Raphael depicts Plato’s student, Aristotle, walking alongside Plato. Aristotle is believed to be depicted after the sculptor Giulliano del Sagallo as a younger man with more elegant, ornate clothing. He looks at Plato as he holds his right hand forward with his palm facing the ground and his book, Nicomachean Ethics, foreshortened against his knee.
Raphael paints Aristotle’s hand as pointing forward and his palm toward the earth as if to suggest that there’s no reason to transcend the world before we come to understand the world, our place in the world, and how to ethically engage with the world.
Unlike Plato, Aristotle separates art from politics and morality to see if art has any goodness in and of itself. He does this by looking at art through what he calls the four causes: material cause, the formal cause, the efficient cause, and the final cause.
For Aristotle, however, and in contrast to Plato, imitation is beneficial for humans because it is directly associated with knowledge. We learn through imitating and imitating successfully, as well as recognizing a successful imitation, gives us a certain pleasure.
But what about the drama and horror of tragedy? How can imitation concerning these be reconciled with Plato’s concerns about art’s effect on the public?
Yes, the artist imitates, but the artist has to have a certain knowledge about what is being imitated in order to imitate it well and conjure the appropriate pleasures for the viewer. So, the artist has greater access to the emotional and psychological aspect of human beings. The artist has to know what it means to be happy, sad, angry, intense, calm, etc., if the artist is going to portray the substance of these emotions accurately in their work.
The artist, with this knowledge of human psychology and emotion, can construct a composition that creates specific emotions within the viewer. The two emotions that stand out for Aristotle are pity and fear. When the artist can create a composition that produces these two emotions, especially when they are produced intensely, then the viewer can have a cathartic experience.
What, then, is catharsis? It has been interpreted as an experience in which pity and fear are taken to an extreme and are purged or purified at their limit. Imagine sitting through a movie that makes you weep because of the fear and pity you feel at the protagonist’s sufferings. Something about this experience, for Aristotle, is ethical.

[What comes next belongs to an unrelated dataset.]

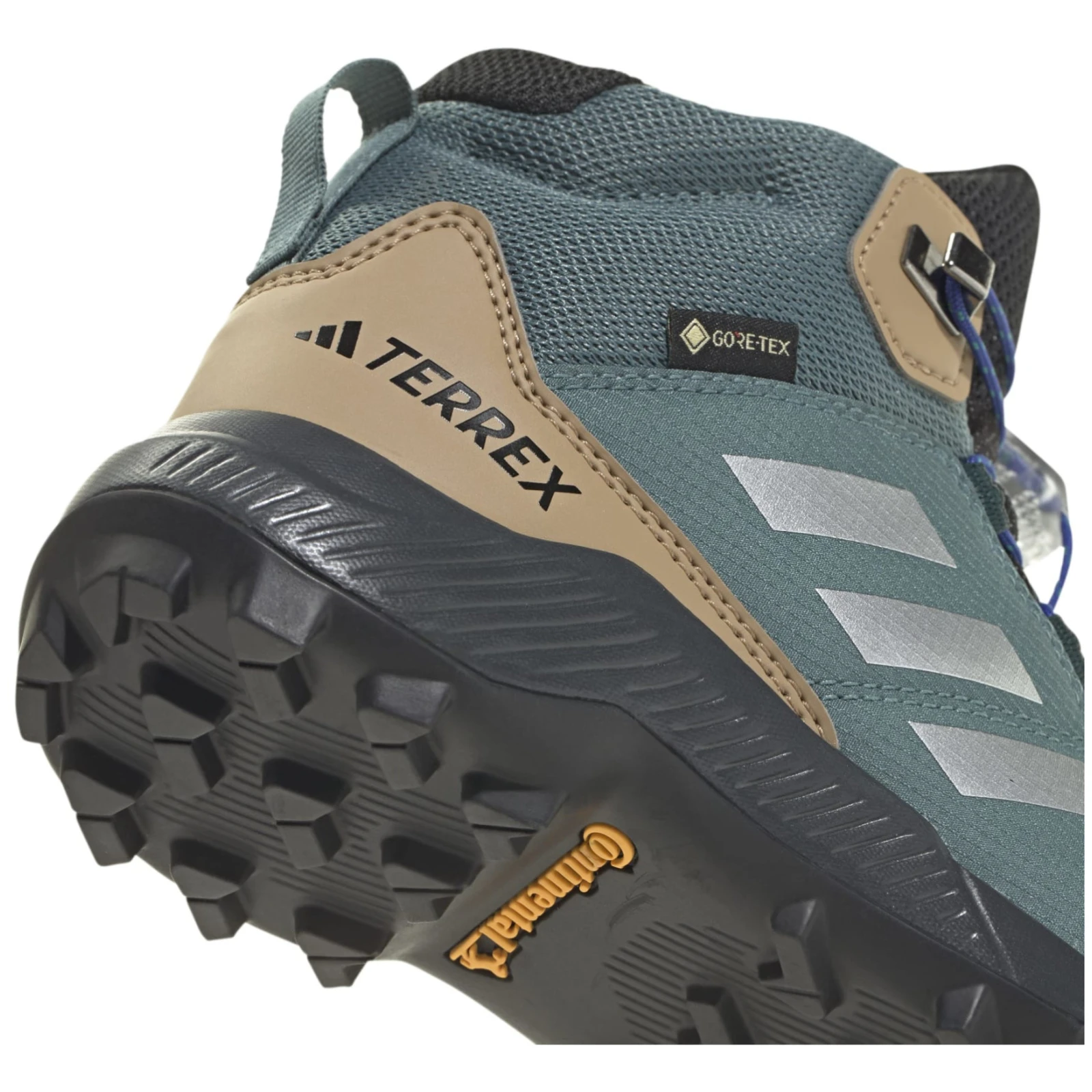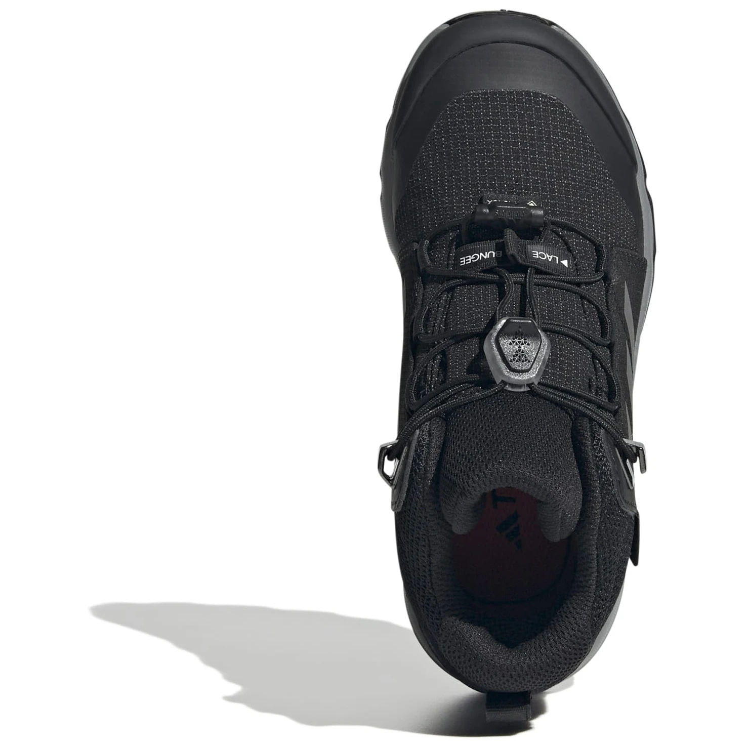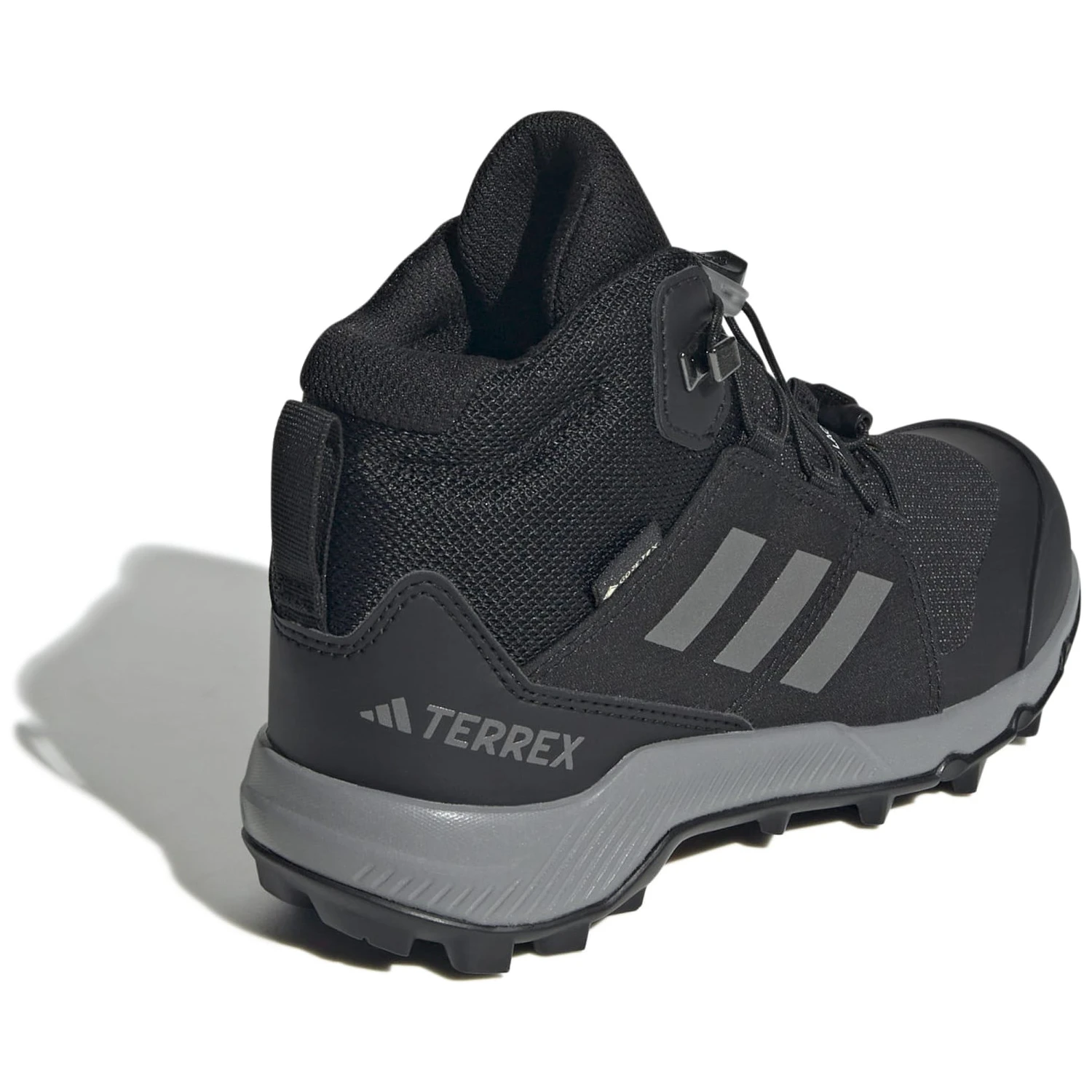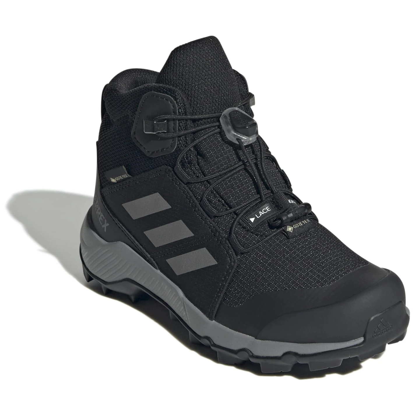 Kinder-Wanderschuh Adidas Terrex Mid GTX K mit einer GORE-TEX-Membran schützt die Füße vor Feuchtigkeit. Komfort, Haltbarkeit und recycelte Materialien für kleine Entdecker.

So the artist, for Aristotle, engages in ethics by understanding the final cause of their art, that is, the emotional and psychological happenings of themselves and their fellow human beings. This is the foundation of building an ethical community.

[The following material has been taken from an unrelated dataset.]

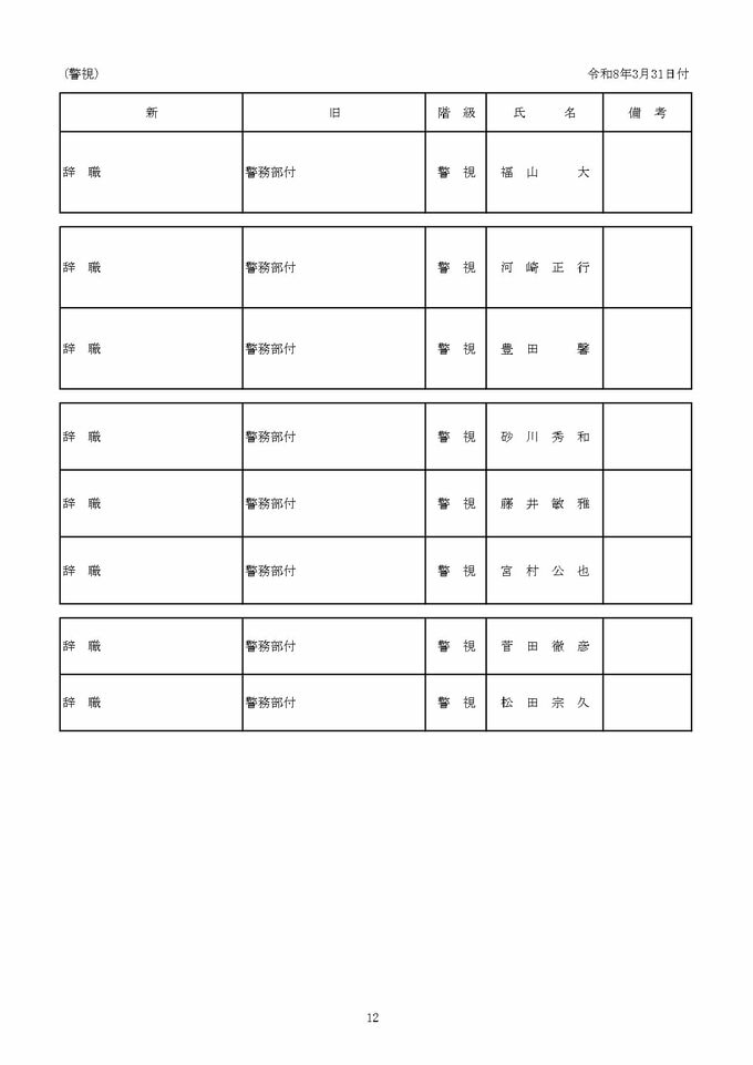 ニュースクリップ 富山県警察本部【春の人事異動 2026年】生活安全部長に青野氏、刑事部長に中林氏など部長級8人、各警察署長、警察業務のデジタル化推進へ 異動826人(退職、再任用、出向含む) 2026年3月12日(木) 10:50 国内 警視(警務部付)

Plato and Aristotle agree that virtue is essential for a well-lived life. The disagreement presented here would find itself revisited multiple times throughout our historical struggle around the purposes of our arts. This struggle poses the question, “Which is primary for understanding ourselves in relation to our creations: turning toward the world in an attempt to build an ethics within it or transcending the ways of the world toward the potential peace of moral absolutes?”

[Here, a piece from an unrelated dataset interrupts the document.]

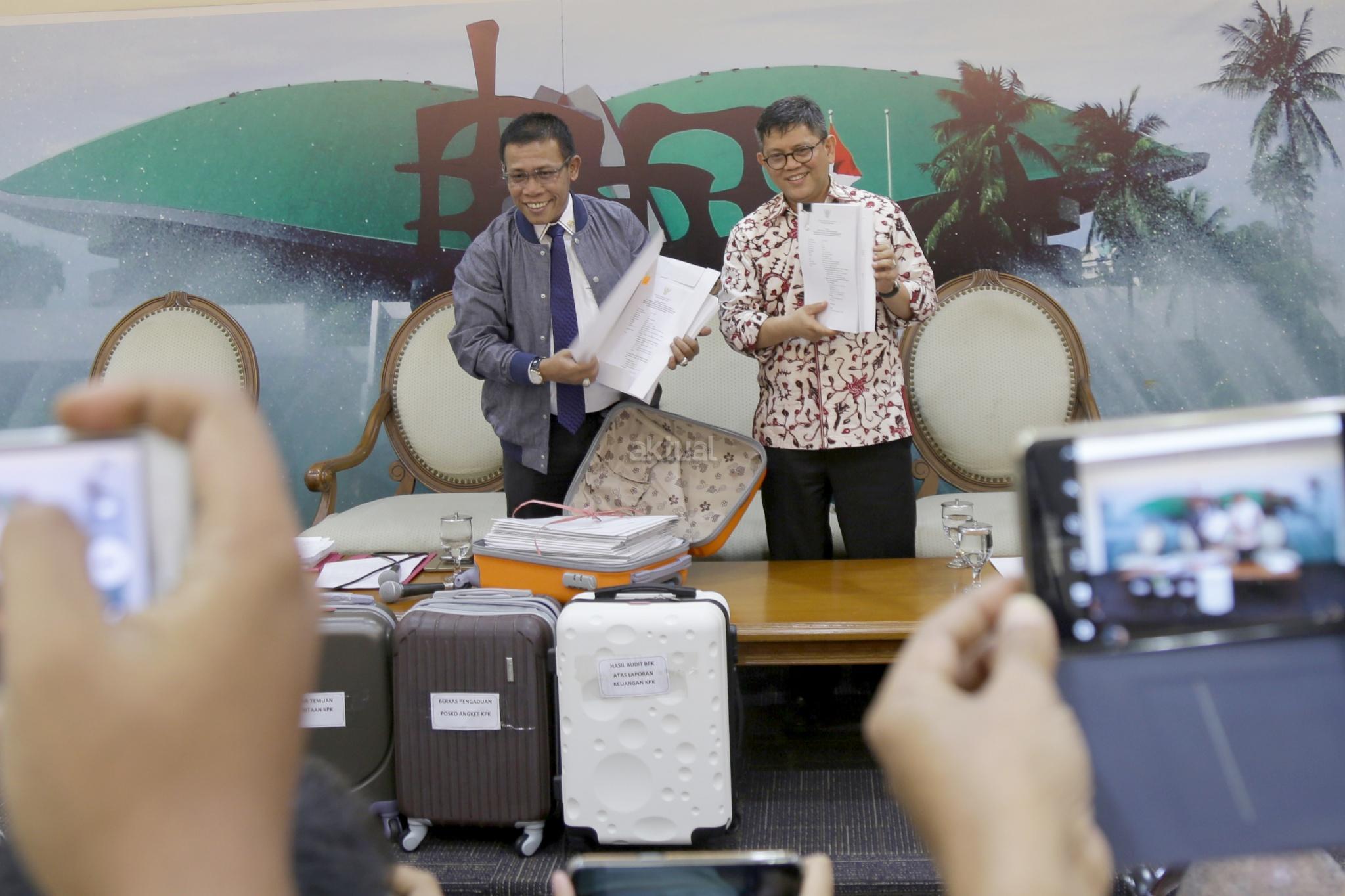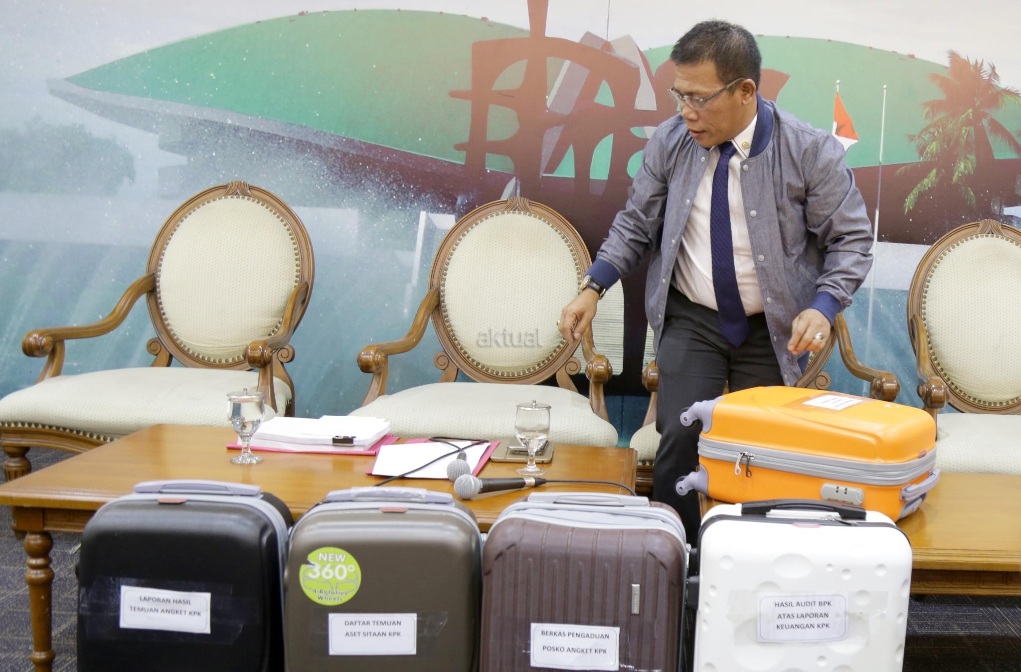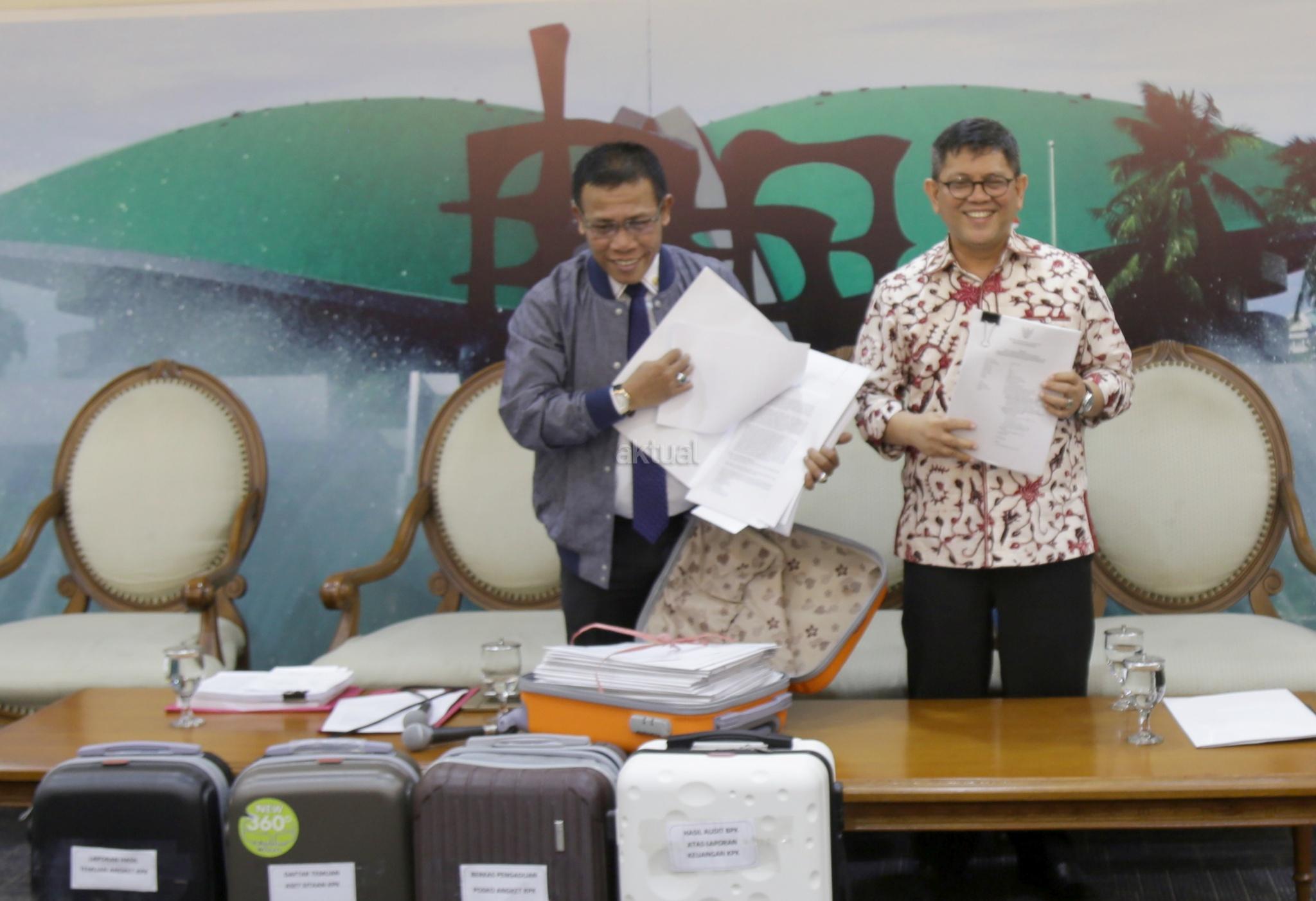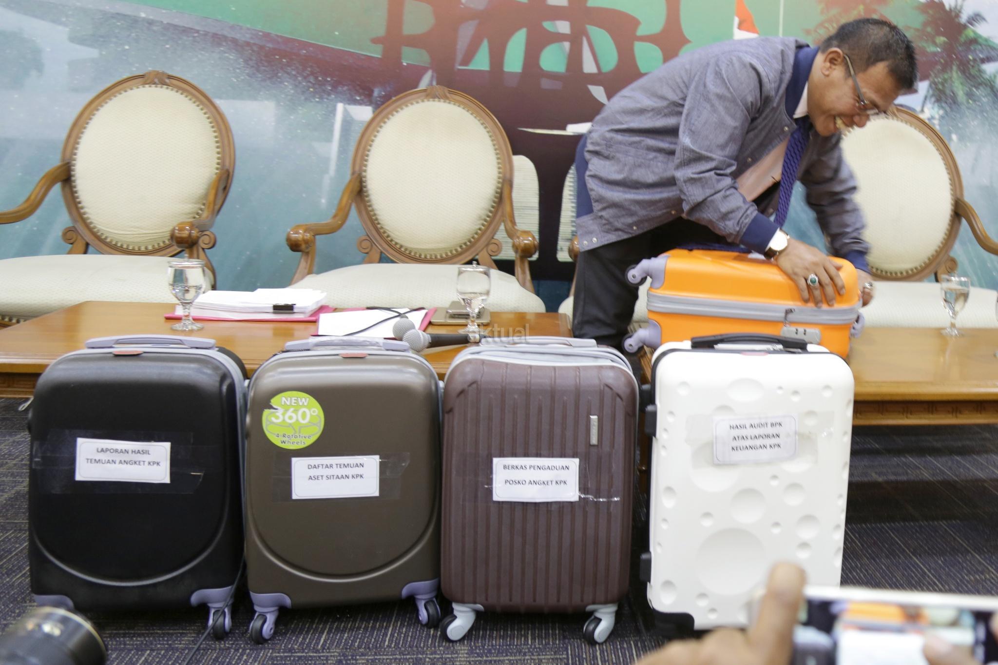 Wakil Ketua Pansus Angket KPK Masinton Pasaribu bersama Wakil Ketua Pansus Pansus Angket KPK Taufiqulhadi membawa 5 koper berkas pansus angket KPK usai konferensi pers di Pressroom, Gedung Parlemen, Senayan, Jakarta, Senin (18/9). Pansus Hak Angket KPK memamerkan 5 koper berkas berisi dokumen temuan hasil kerja mereka sejak Juni dan akan dilaporkan di rapat paripurna 28 September. Namun sebelum merampungkan tugas, mereka berharap bisa bertemu Presiden Jokowi. AKTUAL/Tino Oktaviano

We are still only trying to figure it out. We don’t have all of the answers, but it’s part of our story to keep trying, to approach our art with the thoughtfulness and care it deserves, to think of eternity and move toward the future with the type of probing questions built on sincerity. So, what do you think? Do you point up with Plato or gesture toward the earth with Aristotle? Is it possible or wise to attempt both? Or is it wiser to try something new altogether?
Vasari. “Raphael.” The Lives of the Artists. Translation and Editorial Material by Julia Conaway Bondanella and Peter Bondanella, Oxford University Press, 1991, p. 312.